性癖を晒す前に、叶えてほしい願いがあった。

10/27 修正しました。

 シャワーを浴びていたのは、親父ではなく──金髪美少女だった。

 身長は俺より高く、もしかしたら190センチを超えているのではないかというほどの長身だけれど、美少女というのには変わりなかった。


「おお、やっときたのか」


 なんて言って、彼女はこちらを向く。腰まであった金髪が、優雅に舞った。


 そうすることによって、まず目に入ってきたのは、男なら誰しもが釘付けになってしまうであろうその大きな双丘。いやいや、はっきり言ってしまえば、胸! 胸! 胸!

 水に入れたら浮いてしまいそうな程大きく、まるで、甘い果実がたくさん入った大きな袋のようで、見入ってしまう。


 しかし、先端にあるはずの突起は、垂れた金髪の所為で見えなかった。突起を囲む、ピンク色の乳輪の一部が僅かに見えている程度。見えそうで見えない、この絶妙な感じが、むしろ興奮してしまう。


 そして、何と言っても足、である。

 むっちりとした、肉付きの良い柔らかそうな太もも──からの、スラリと伸びた足。これでもかというくらいの合わせ技に、思わず言葉を失った。


「うむ、そうかそうか。

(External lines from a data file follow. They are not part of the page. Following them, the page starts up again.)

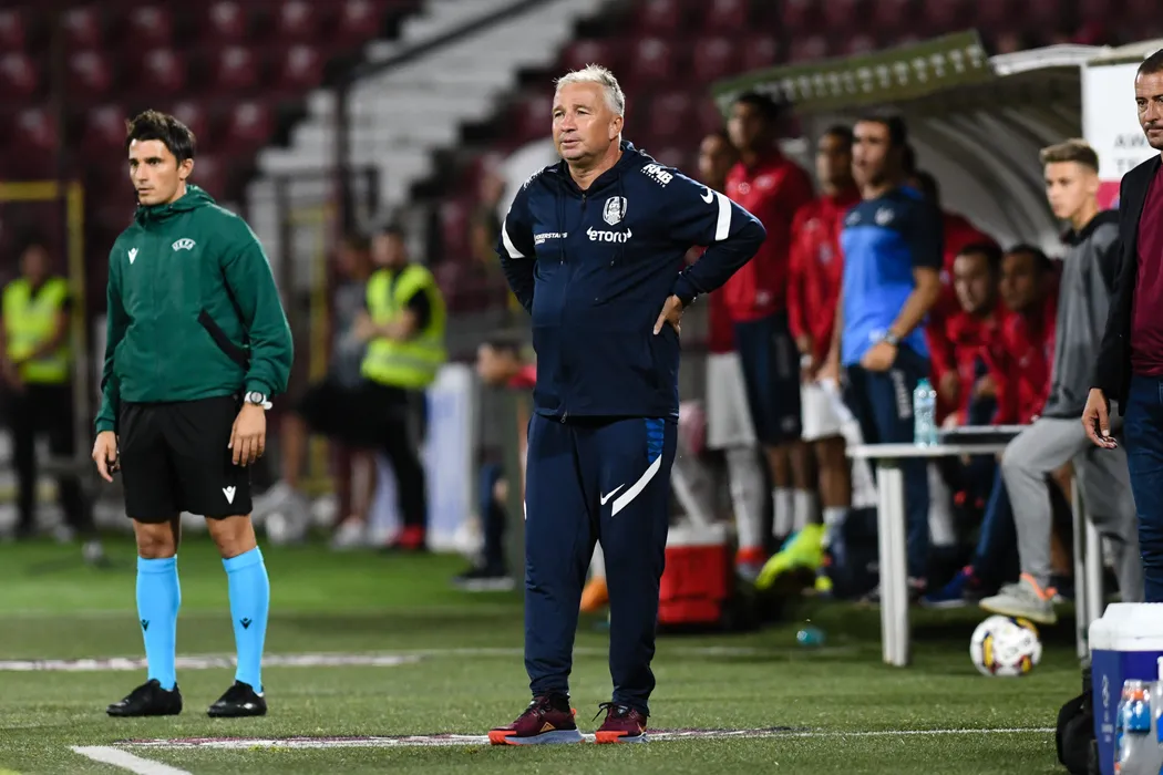 Dan Petrescu, antrenorul echipei CFR Cluj, urmareste meciul de fotbal contra formatiei Pyunik Everan din returul primului tur preliminar al Ligii Campionilor, disputat pe stadionul Dr. Constantin Radulescu din Cluj-Napoca, miercuri, 13 iulie 2022. FLAVIU BUBOI / MEDIAFAX FOTO
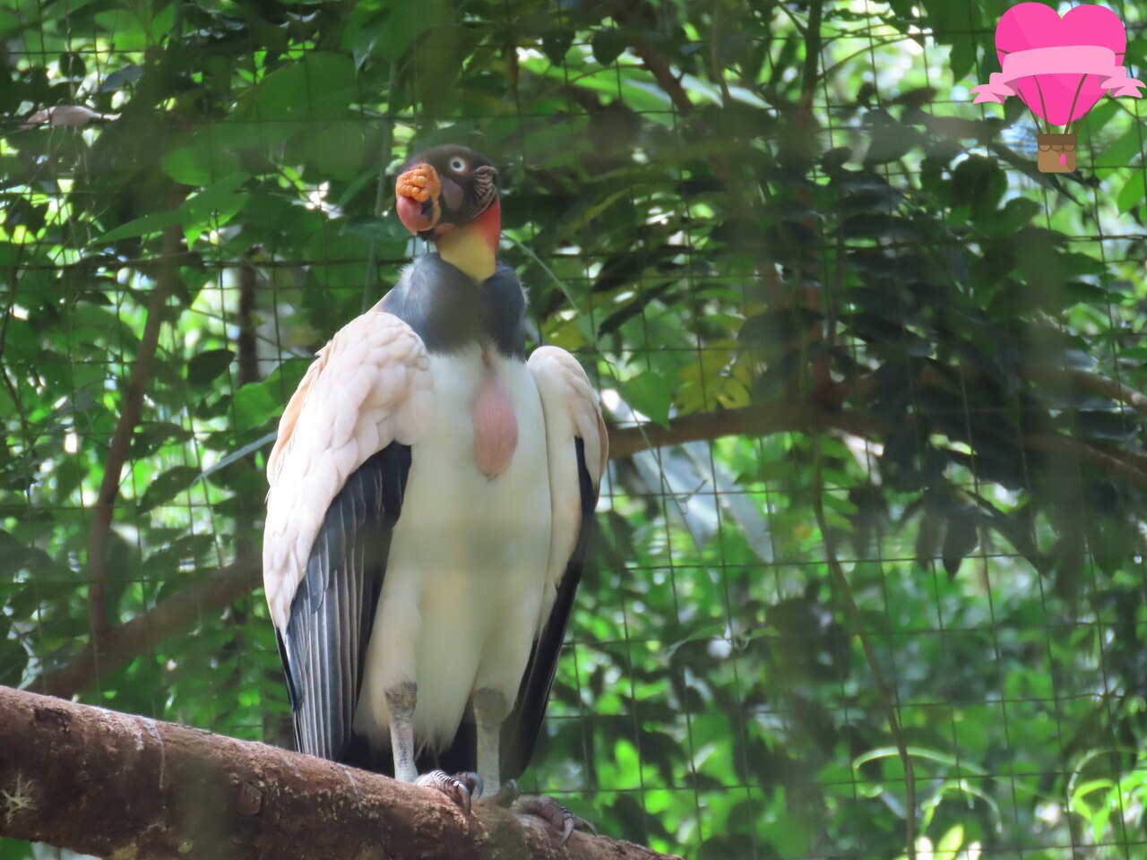 Uma das aves mais imponentes do parque é o Urubu-rei, facilmente reconhecido pelo porte robusto. Apesar de seu nome e aparência marcante, ele tem um papel essencial no equilíbrio do ecossistema, atuando como um eficiente limpador da natureza ao se alimentar de animais em decomposição.
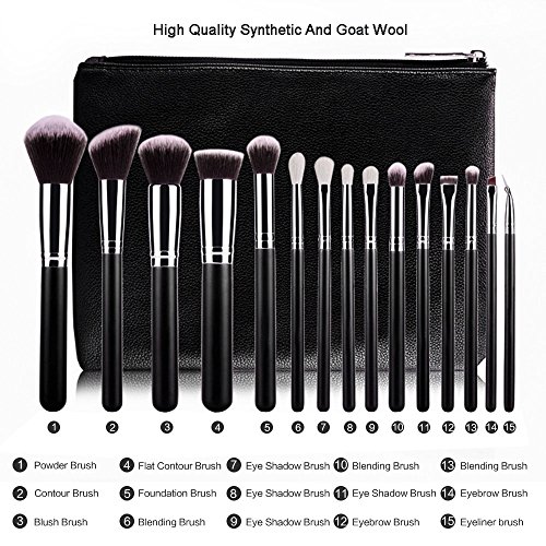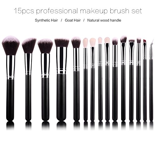 BestFire 15pcs Makeup Brushes Set Professional Goat Hair Make Up Brushes Cosmetics Foundation Blending Blush Eye Shadow Eyeliner Brushes Kit with PU...
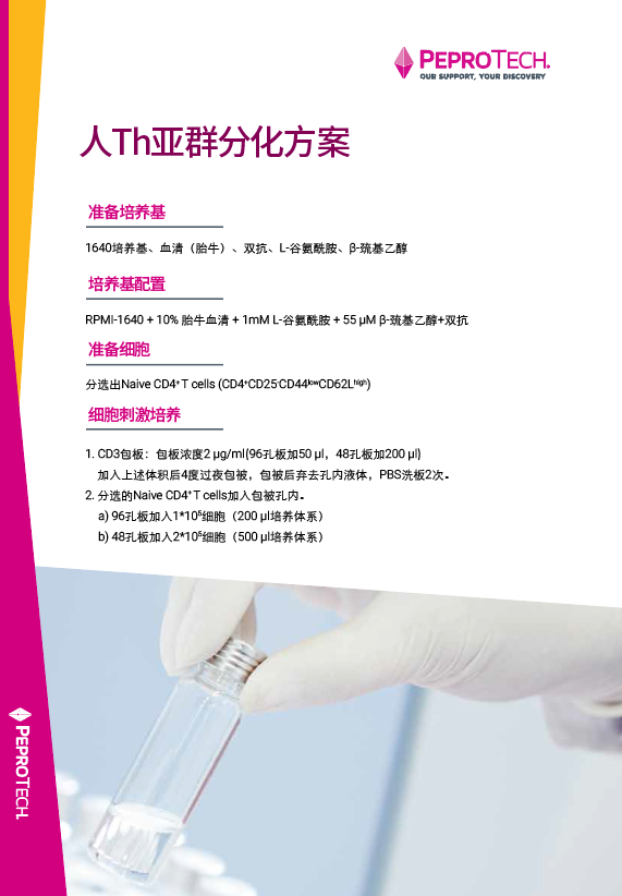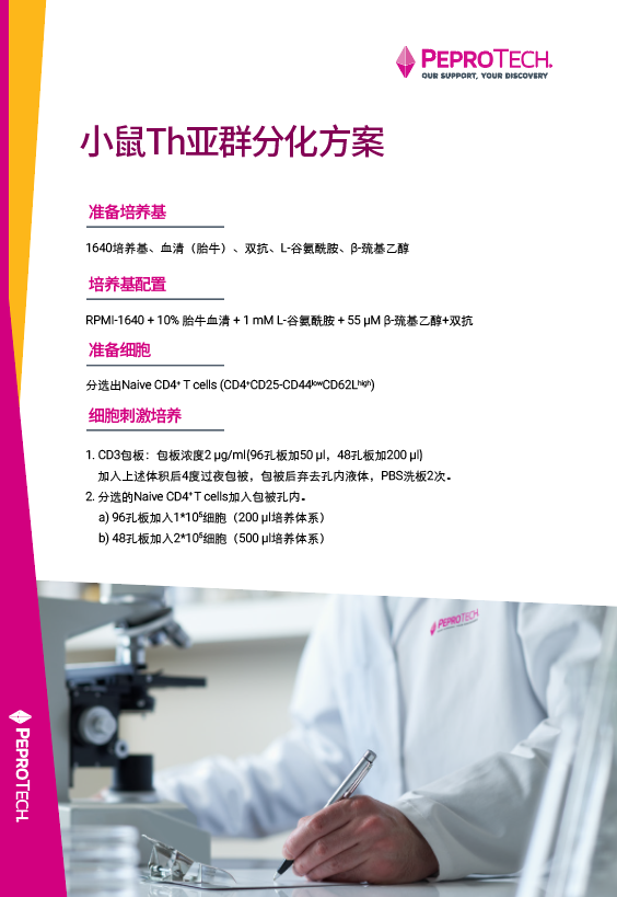 PeproTech还将提供人和小鼠T细胞增殖及亚群分化培养方案,以便您更好的进行实验操作~

そういえばそうだったな」


 なんて、ひとりで勝手に納得して、ハッハッハと笑って。


「君は巨乳好きであり、太もも好きでもあったな。忘れるところだったぞ。なに、もっと見てもいいんだぞ? なんなら触っても──」


 いやいやいやいやいや!

 まあたしかに、触りたい、触りたいけれど!


「誰だお前は!!」


 いくらそんなダイナマイトボディだからと言って、いくら誘惑してくるからと言って、それを忘れちゃあいけない。

 堂々とシャワーを浴びているのだから、そりゃあ、泥棒じゃないとは思うけれど、しかし、じゃあ、こいつは誰なのだ、ということになる。


「? さっき会ったばかりじゃないか」


 なんて。


「は?」


 何言ってんだこいつ。


 さっき会った?

 そんなはずはない。こんな金髪、ましてや、こんな美少女には会ってないはずだ。

 学校に行くときだって、学校から帰るときだって、コンビニに行くときだって、コンビニから帰るときだって。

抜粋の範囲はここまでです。